Especially in the dark season - but also on every other day of the year - they are one of the most important safety-relevant vehicle parts: headlights. They are available in various designs and, if a well-known manufacturer has their way, they will soon also be available with projection technology.
The classic headlights of a motor vehicle are halogen headlights. They have a good price-performance ratio, but in comparison to other lights only moderately good illumination on the street. Halogen lamps are divided into classes: H1, H3, H7, H9, H11 and HB3 have only one filament, which is why a lamp for high and low beam must be installed. H4 lamps have a two-filament system and thus two filaments, one of which is used for the high beam and the other is responsible for the low beam.
Most new vehicles are equipped with halogen headlights as standard, only some manufacturers - mostly high-class ones - already use xenon headlights instead of halogen in the basic variant. Compared to xenon headlights, halogen has an undeniable cost advantage. While the technology for xenon headlights is more sophisticated, simple incandescent lamps are used for halogen headlights, which can even be replaced by yourself on many models.

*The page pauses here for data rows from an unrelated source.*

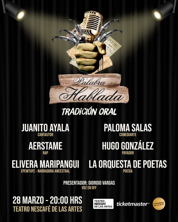 TEATRO NESCAFÉ DE LAS ARTES, en su constante interés por diversificar su programación, presentará una nueva versión del original e inédito encuentro de tradición oral, “Palabra hablada”, ahora el sábado 28 de marzo.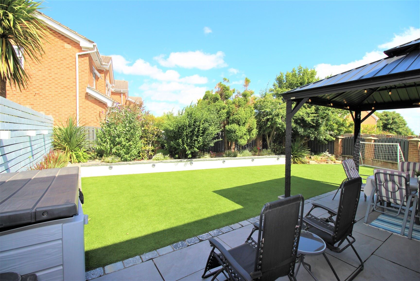 Externally, the property boasts a garage and driveway to the front, providing off-road parking. The beautifully maintained, level rear garden is laid to lawn and features a charming garden arbour, perfect for enjoying shaded outdoor relaxation.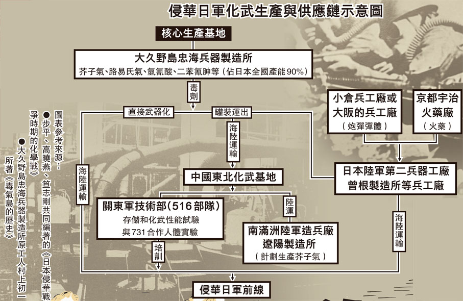 廣島旁的大久野島綠樹成蔭,是現時日本休假旅遊勝地,每年都吸引眾多年輕人休閒娛樂。但很多人不知道,這個美麗的小島,曾因日軍秘密研製化學武器而被刻意於地圖中抹除。「大久野島上的忠海兵器製造所,是日本侵華期間化武製造的主要基地之一。其生產的化學毒劑,一部分在本廠直接武器化,一部分被運往其他工廠進行武器裝填,還有一部分以罐裝毒劑形式被送往中國戰場。」高曉燕說。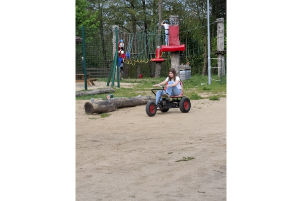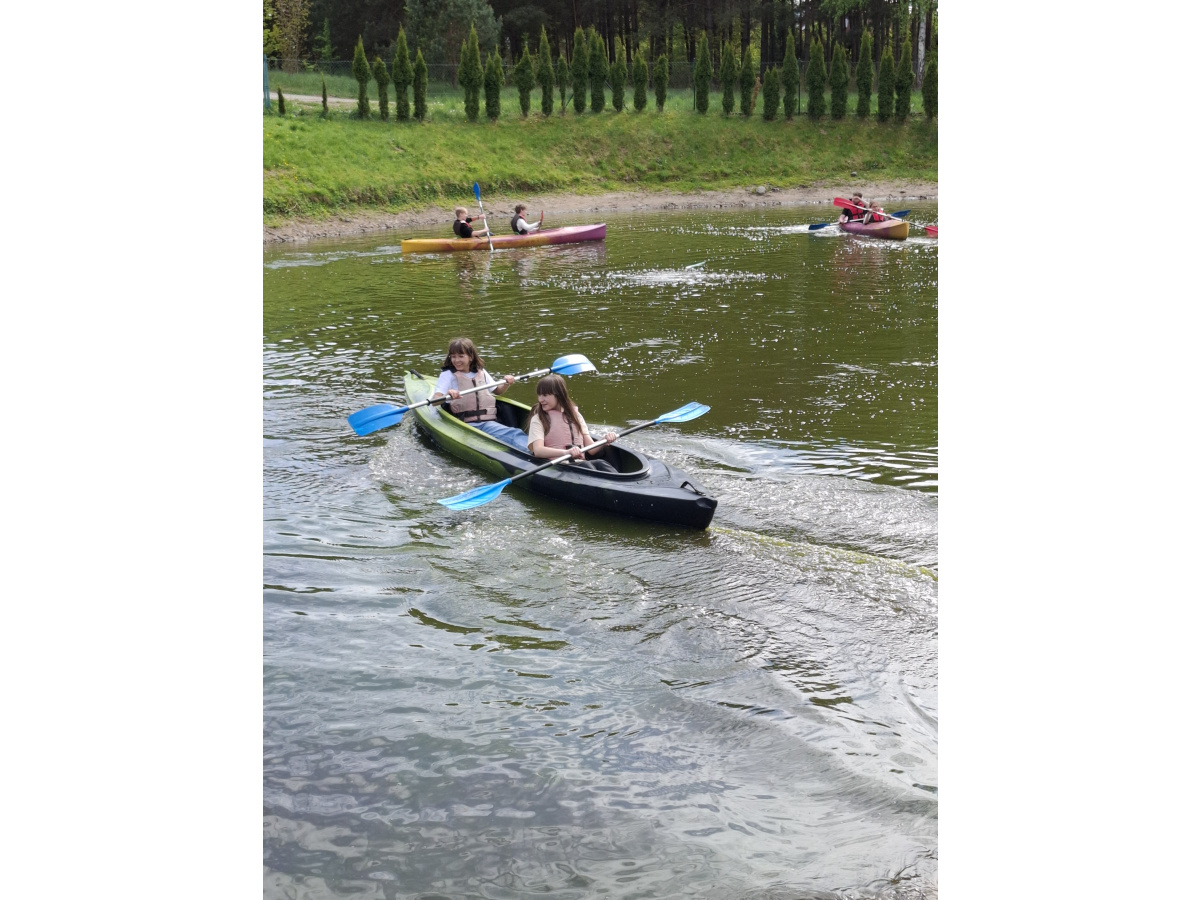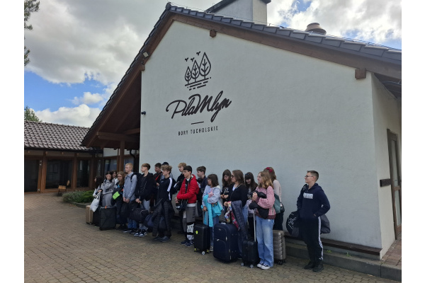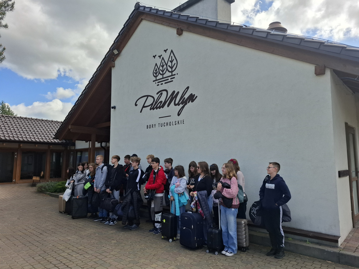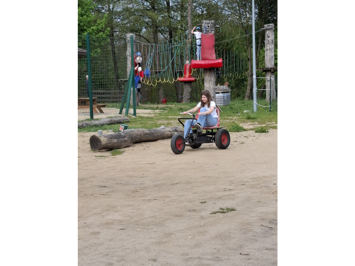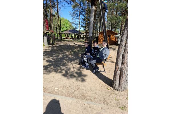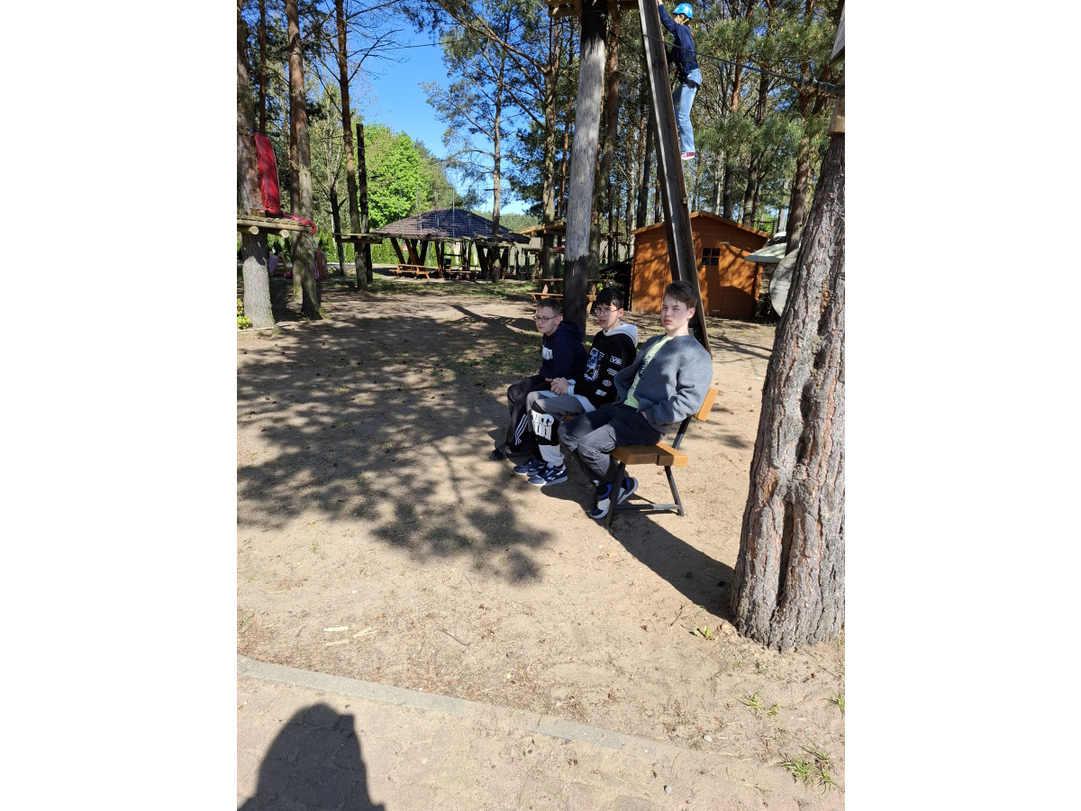 Uczniowie klasy 7b wyjechali w dniach 5-7 maja na wycieczkę do ośrodka Piła Młyn w Borach Tucholskich. Spędzili tam czas bardzo aktywnie i bardzo dobrze się bawili. Uczestniczyli w zajęciach sportowych (grali w siatkówkę, piłkę nożną i koszykówkę), pokonywali trudną trasę w parku linowym, jeździli gokartami, pływali kajakami. Adrenaliny dostarczyły wszystkim nocne podchody i paintball w lesie. Na koniec wycieczki zajadali się własnoręcznie przygotowaną pizzą.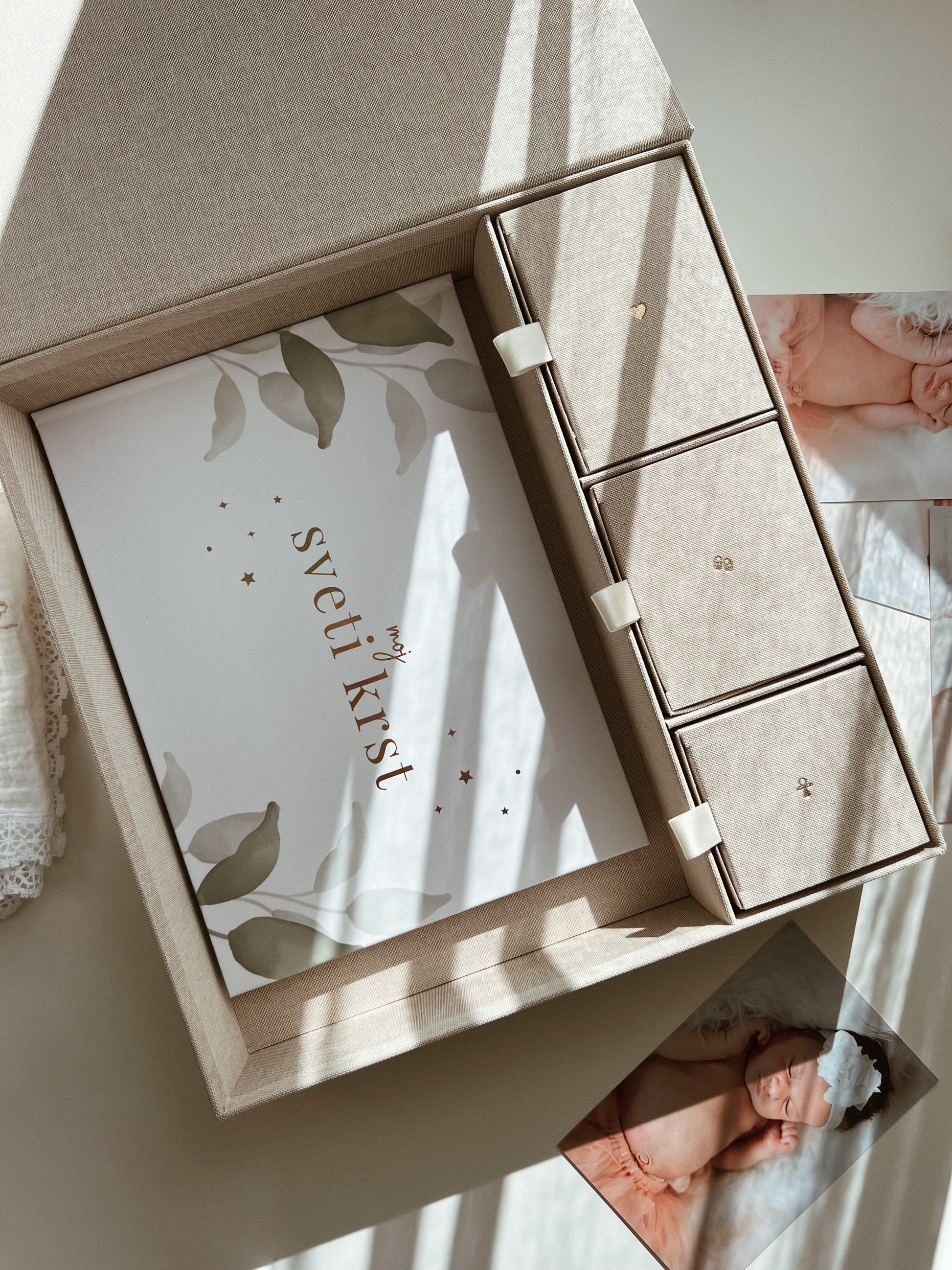 V paketu: Album Moj sveti krst in čudovita darilna škatla, v kateri je album pakiran.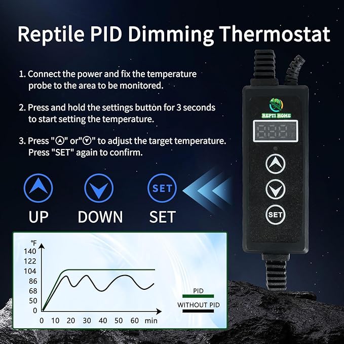 - Temperature Control & Timer: Our reptile lamps are equipped with thermostats and built-in high-precision sensors that monitor and regulate temperature in real time. They also feature a daily cycle function that automatically repeats itself.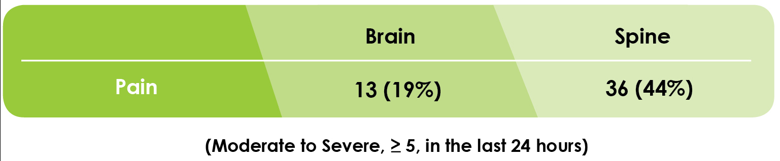 We also asked if pain occurred when the tumor recurred, and ¼ of those with brain tumors had pain, but the majority (83%) of those with spine tumors had pain.
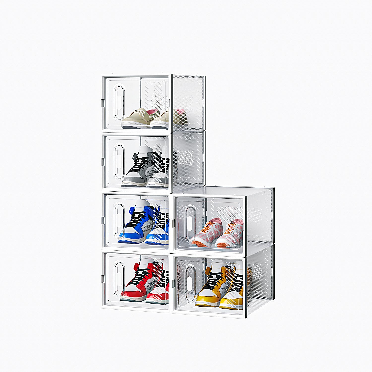 US Local White Medium 6PCS 35x25x19cm Shoebox, Plastic, Grid, Free Combination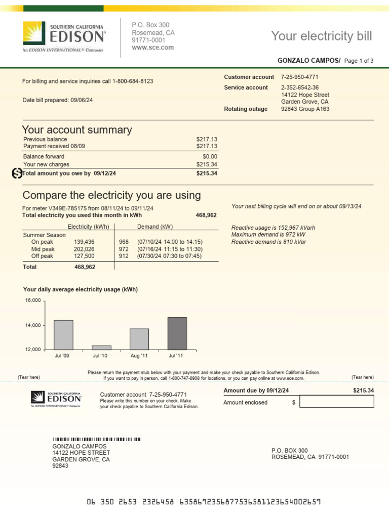 Date bill prepared: 09/06/24 Garden Grove, CA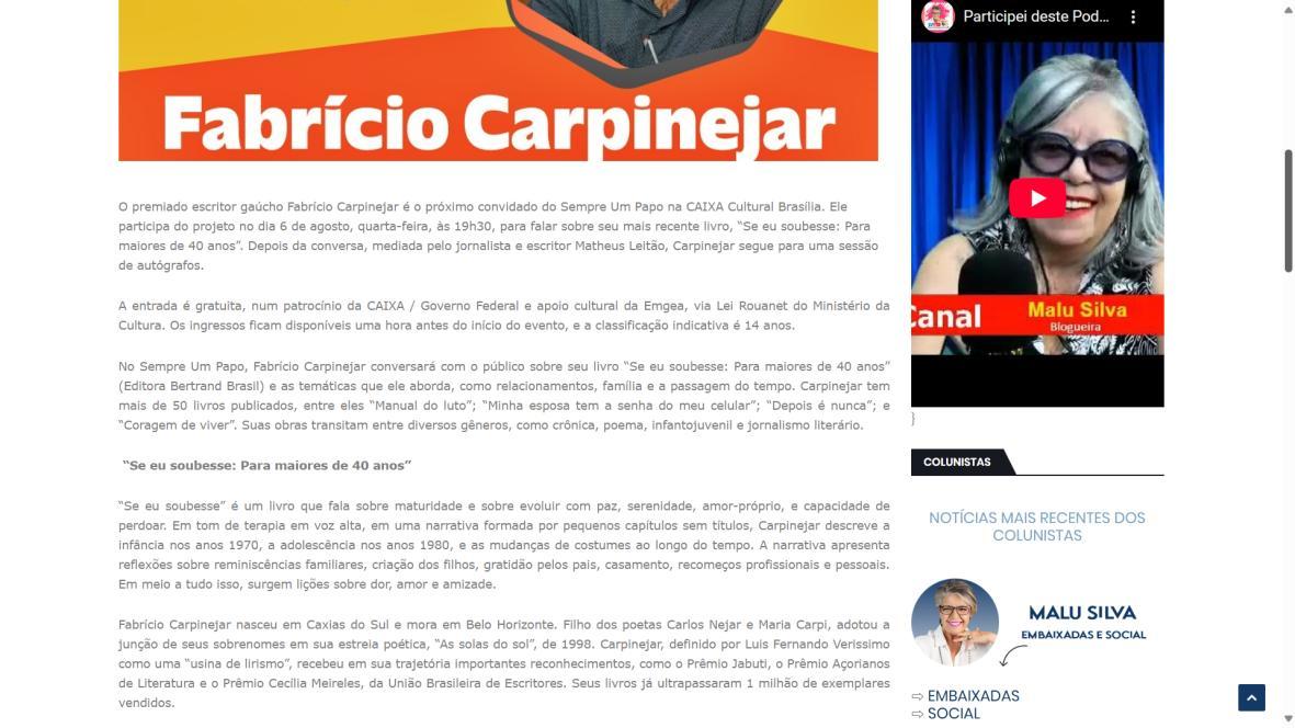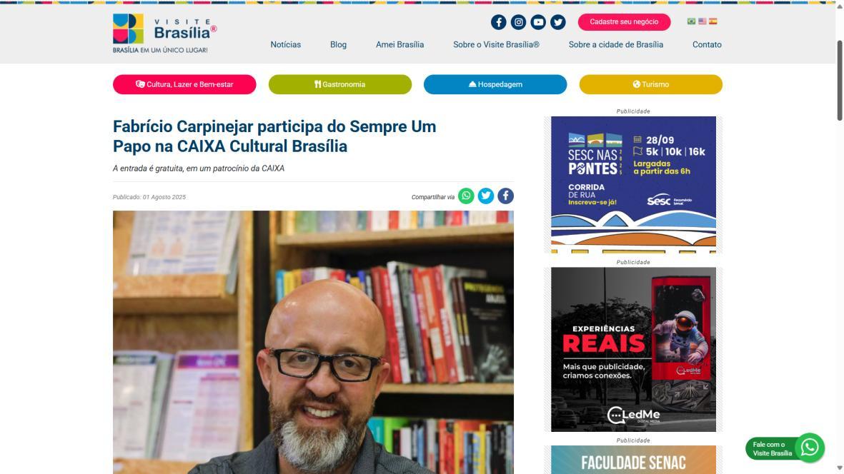 Caixa cultura Brasília recebe Fabrício Carpinejar no projeto literário "sempre um papo" - Brasília ETC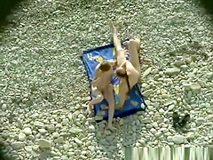 Nudist pair making 69 in the rocky beach sideways and hottie on top.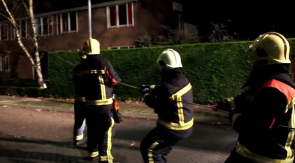 Dutch firemen get assistance from a hardworking pup.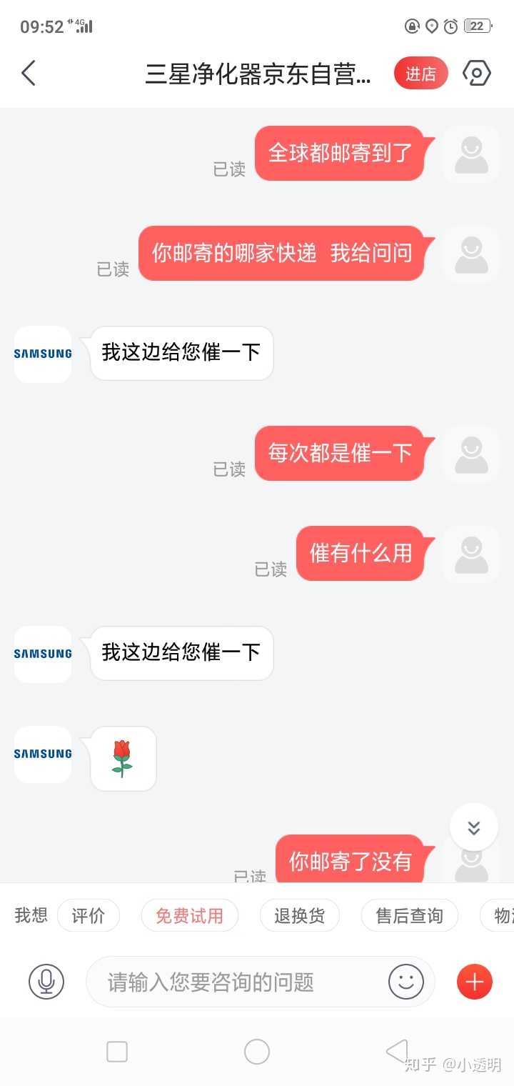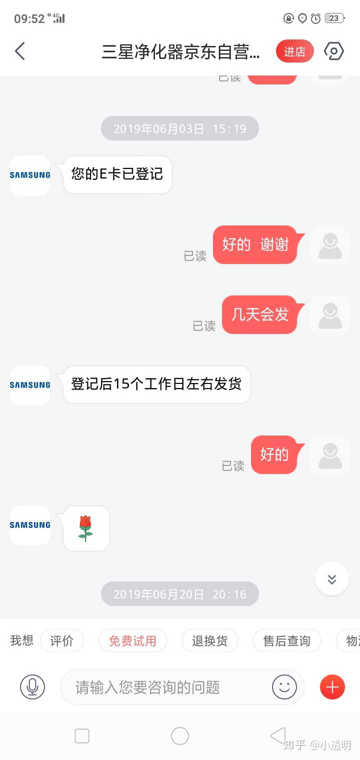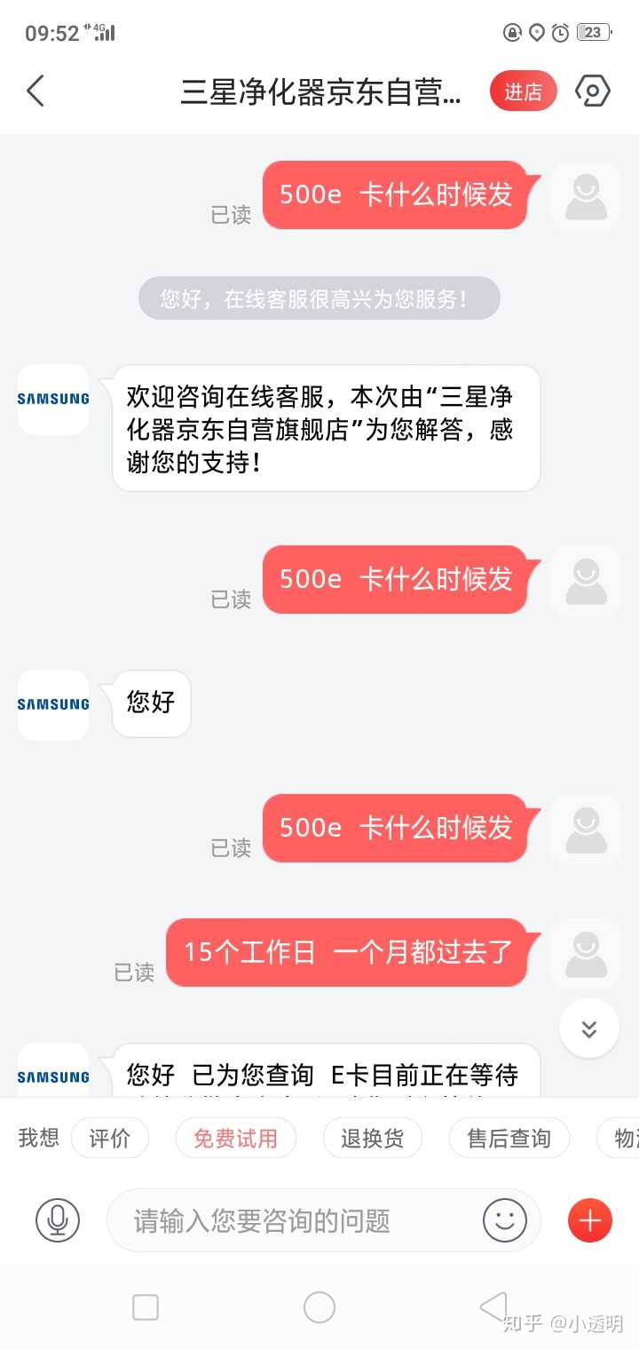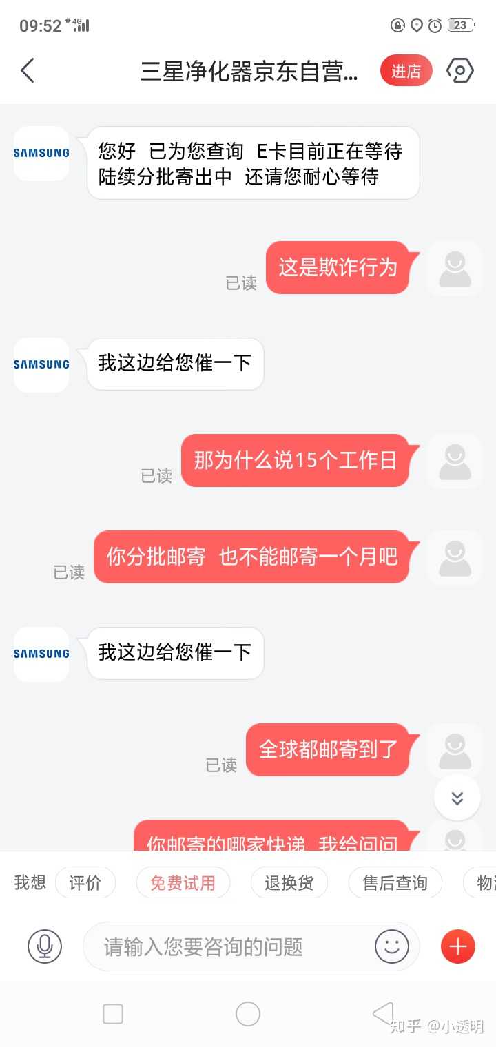 5月底在京东的三星自营店买了个净化器,说是晒单有500e卡,可以免费试用一年。为了500e 卡买了,6月3号收到货联系客服登记,说是15个工作日发货,一直到今天7月1号 ,问客服,只会说帮你催,有多少人遇到跟我一样的问题,店大欺客?就这垃圾净化器,不知道是哪一年的库存,几百块钱的东西都比这个好吧!我贪小便宜1950买的,现在500e 卡遥遥无期,更不要想一年后免费退货了吧!有多少人跟我一样进坑了,一起维权吧!各位知友帮我顶起来,让更多人看到,不要再被骗了。

However, the illumination of halogen lamps is significantly worse compared to xenon or LED headlights. The yellowish light often only provides spotty illumination, so that it appears clearly too dark, especially when driving overland. Xenon lights are also clearly superior to halogen headlights when it comes to cornering lights.
Xenon is a chemical element from the group of noble gases. Incidentally, it is the rarest stable element on earth and occurs in low concentrations in the atmosphere from which it is also extracted.
Xenon headlights are based on the principle of the gas discharge lamp: two tungsten electrodes, which have no contact point, are melted into a bulb. The flask is still filled with xenon. If a high voltage is applied to the electrodes, a spark ignites, which ionizes the surrounding gas. This closes the line between the two electrodes, so that a short-circuit current is created. The rise in temperature in the flask causes the metal halides to evaporate, creating an arc which, in continuous operation, reaches its final color and shape when all metal halides have reached the vapor phase. The color temperature of 6.000 Kelvin corresponds to the color of daylight.
Due to the high operating temperatures, xenon lamps require cooling devices and explosion-proof housings. In addition, an electronic ignition unit is required in a ballast in order to deliver the high-voltage pulse required to ignite the xenon light and to achieve control of a light output that is as constant as possible after ignition. This of course increases the cost factor immensely, so that if you equip it with xenon lights, you can expect up to 1.500 euros for the lights only. In contrast to halogen headlights, xenon lamps have a service life that is around four times longer and their enormous luminosity also makes gas lamps a good choice. In terms of brightness, lateral illumination and range, they are clearly superior to halogen lamps.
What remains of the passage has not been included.